*** Opening of Source material ***

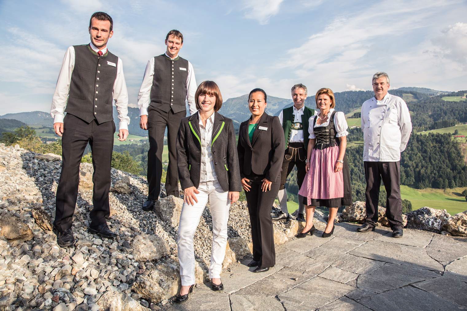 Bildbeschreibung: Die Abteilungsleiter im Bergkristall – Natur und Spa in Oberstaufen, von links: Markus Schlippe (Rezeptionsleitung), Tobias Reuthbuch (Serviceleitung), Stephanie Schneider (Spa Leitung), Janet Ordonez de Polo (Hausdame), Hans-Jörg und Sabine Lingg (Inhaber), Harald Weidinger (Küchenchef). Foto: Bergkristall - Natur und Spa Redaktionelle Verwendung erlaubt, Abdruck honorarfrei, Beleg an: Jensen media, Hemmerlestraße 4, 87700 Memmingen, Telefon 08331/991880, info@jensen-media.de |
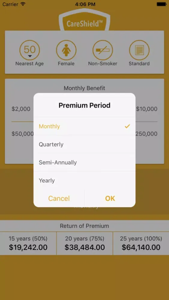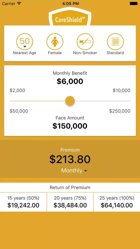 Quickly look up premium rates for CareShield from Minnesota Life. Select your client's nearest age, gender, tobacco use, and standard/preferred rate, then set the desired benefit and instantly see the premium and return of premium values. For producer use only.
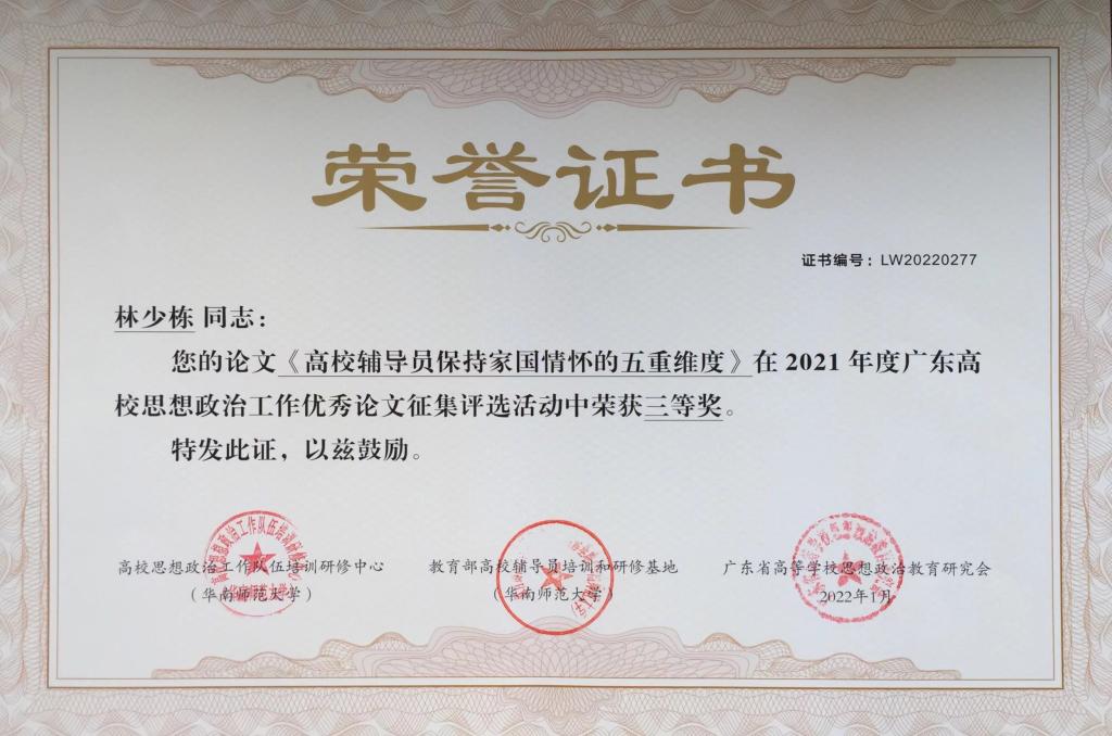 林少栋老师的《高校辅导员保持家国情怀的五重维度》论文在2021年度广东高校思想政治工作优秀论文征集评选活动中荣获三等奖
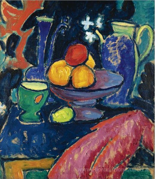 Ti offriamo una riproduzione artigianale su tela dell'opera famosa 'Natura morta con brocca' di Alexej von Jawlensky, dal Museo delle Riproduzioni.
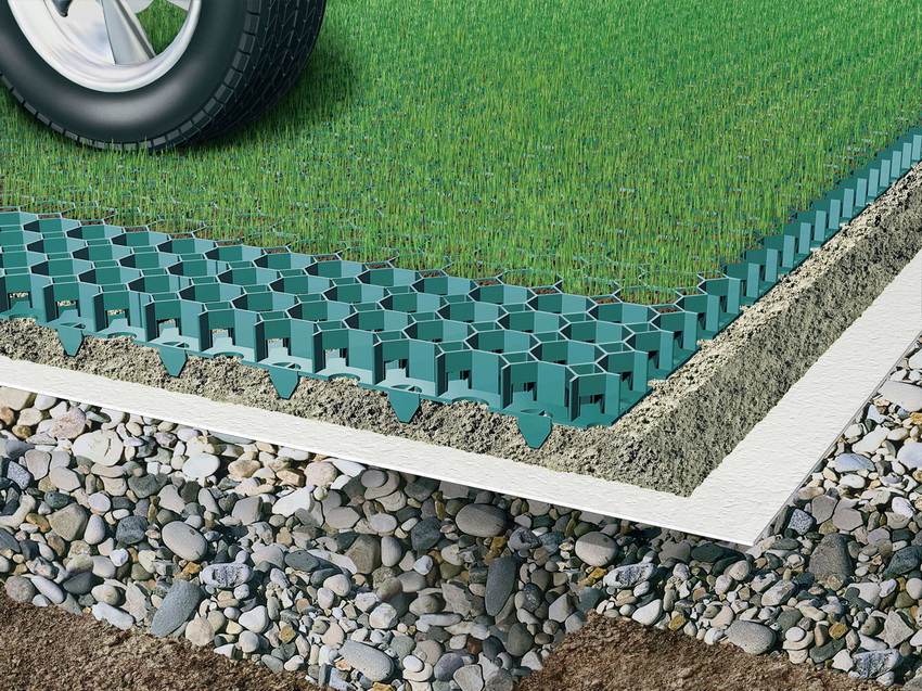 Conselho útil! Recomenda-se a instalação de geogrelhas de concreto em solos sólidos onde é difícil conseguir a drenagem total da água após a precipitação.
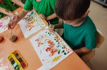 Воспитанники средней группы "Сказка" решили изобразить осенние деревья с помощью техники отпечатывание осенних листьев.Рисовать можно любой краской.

*** Close of Source material ***
*** Opening of Source material ***

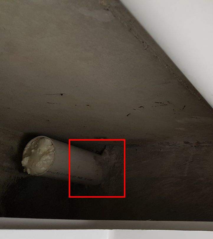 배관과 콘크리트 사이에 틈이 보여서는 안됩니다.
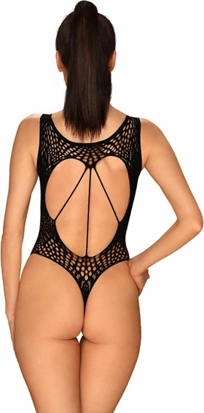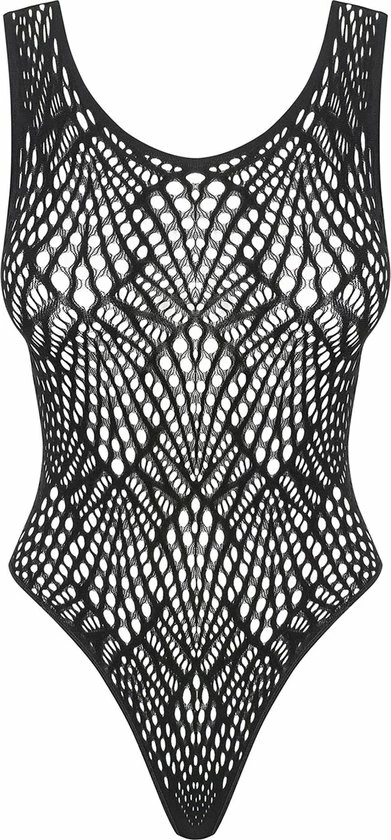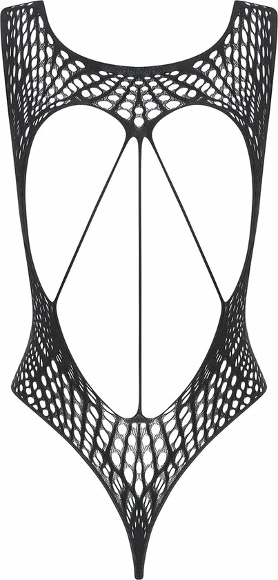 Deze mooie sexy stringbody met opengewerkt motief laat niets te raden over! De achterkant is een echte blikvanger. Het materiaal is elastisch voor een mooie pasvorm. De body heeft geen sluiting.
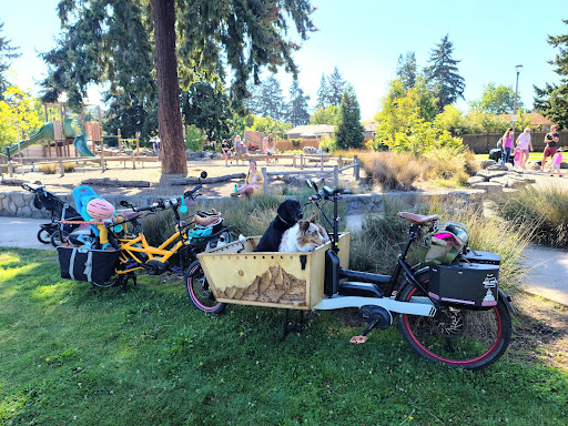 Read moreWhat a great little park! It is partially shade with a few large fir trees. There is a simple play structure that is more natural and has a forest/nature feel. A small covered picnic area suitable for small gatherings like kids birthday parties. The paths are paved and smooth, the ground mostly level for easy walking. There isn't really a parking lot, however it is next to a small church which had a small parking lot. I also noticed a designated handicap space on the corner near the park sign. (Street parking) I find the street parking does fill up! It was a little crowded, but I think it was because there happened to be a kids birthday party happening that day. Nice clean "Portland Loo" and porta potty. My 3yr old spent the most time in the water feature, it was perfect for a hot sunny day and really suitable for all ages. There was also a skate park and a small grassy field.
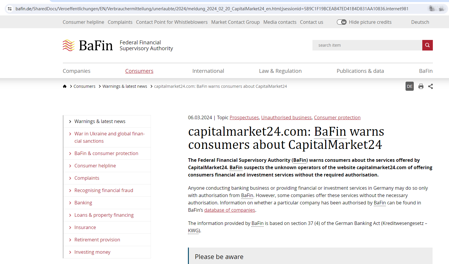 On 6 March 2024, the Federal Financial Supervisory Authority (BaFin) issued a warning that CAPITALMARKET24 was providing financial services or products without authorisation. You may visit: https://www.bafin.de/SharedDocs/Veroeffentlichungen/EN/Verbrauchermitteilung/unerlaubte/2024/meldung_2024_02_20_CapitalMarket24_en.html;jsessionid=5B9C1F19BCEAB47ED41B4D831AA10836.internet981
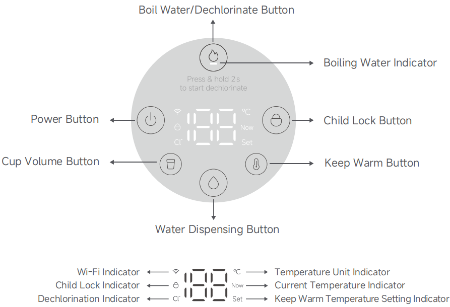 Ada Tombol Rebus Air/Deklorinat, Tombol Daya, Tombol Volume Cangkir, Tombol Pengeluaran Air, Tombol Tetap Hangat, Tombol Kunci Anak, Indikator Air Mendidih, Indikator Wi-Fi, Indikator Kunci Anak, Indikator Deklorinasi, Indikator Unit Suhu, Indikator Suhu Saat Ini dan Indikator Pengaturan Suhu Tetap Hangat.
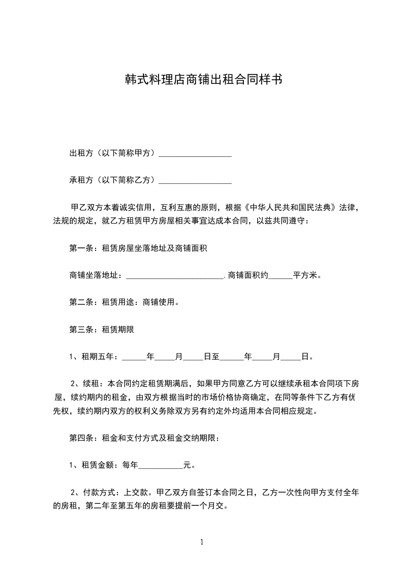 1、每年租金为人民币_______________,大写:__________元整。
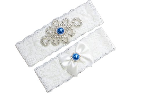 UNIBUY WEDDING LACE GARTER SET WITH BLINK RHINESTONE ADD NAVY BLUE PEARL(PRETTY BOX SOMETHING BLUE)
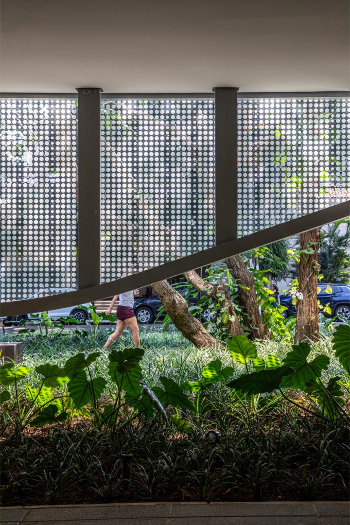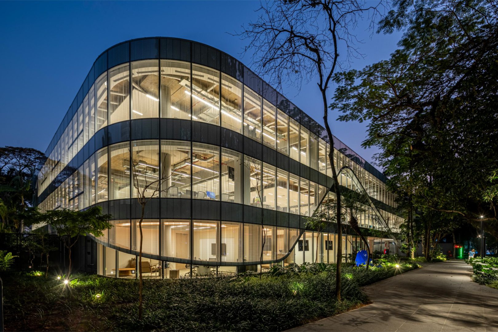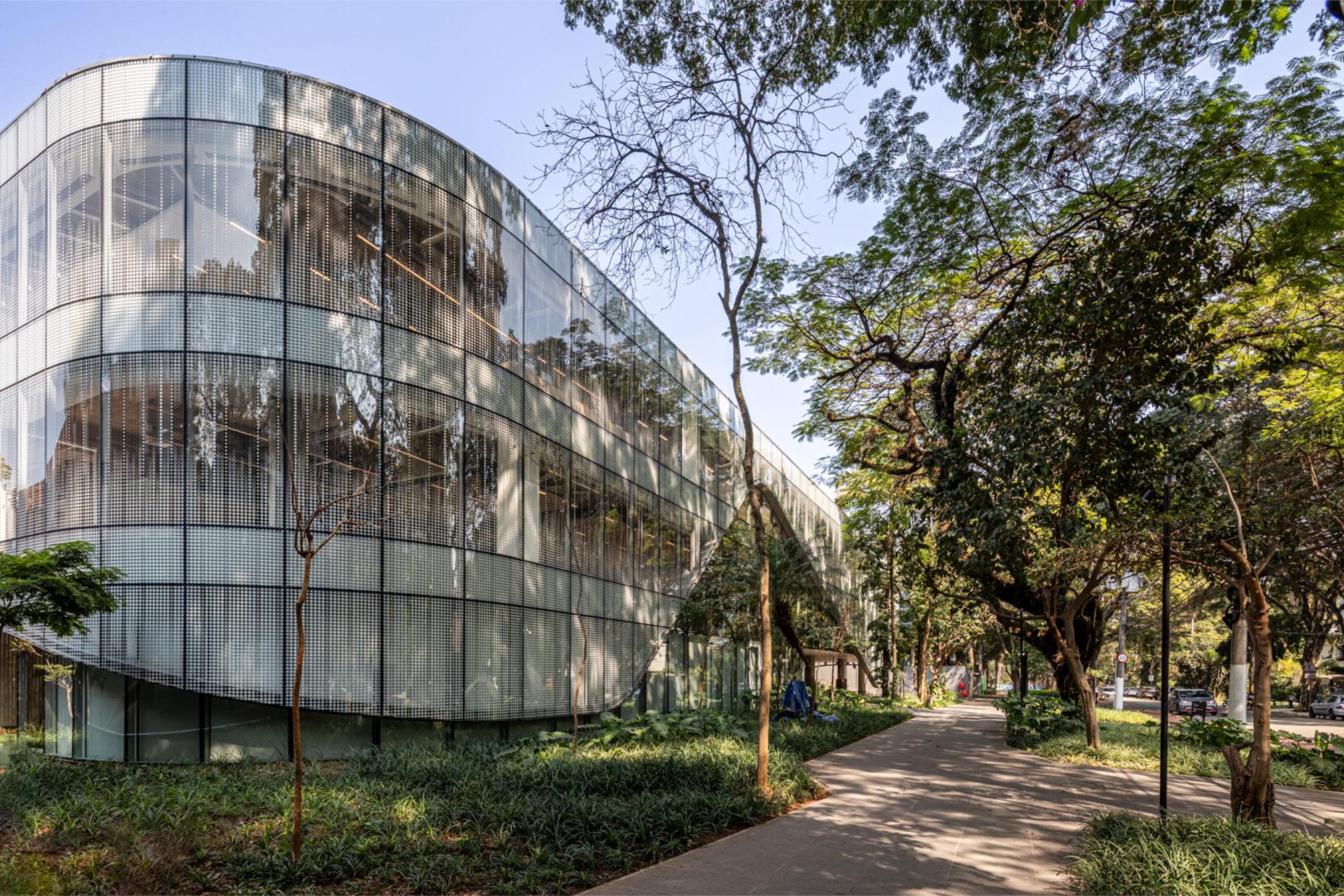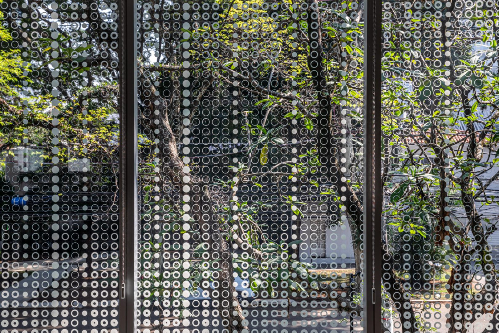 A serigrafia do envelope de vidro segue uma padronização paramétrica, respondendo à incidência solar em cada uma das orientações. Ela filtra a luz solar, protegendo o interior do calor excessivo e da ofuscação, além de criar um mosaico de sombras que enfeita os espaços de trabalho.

*** Close of Source material ***

> [Exercise brief]:
Reproduce exactly the lines above that run from the one with "Ti offriamo una" to the one with "Воспитанники средней группы", both included, leaving pictures out.

> [Output for this exercise]:
 Ti offriamo una riproduzione artigianale su tela dell'opera famosa 'Natura morta con brocca' di Alexej von Jawlensky, dal Museo delle Riproduzioni.
 Conselho útil! Recomenda-se a instalação de geogrelhas de concreto em solos sólidos onde é difícil conseguir a drenagem total da água após a precipitação.
 Воспитанники средней группы "Сказка" решили изобразить осенние деревья с помощью техники отпечатывание осенних листьев.Рисовать можно любой краской.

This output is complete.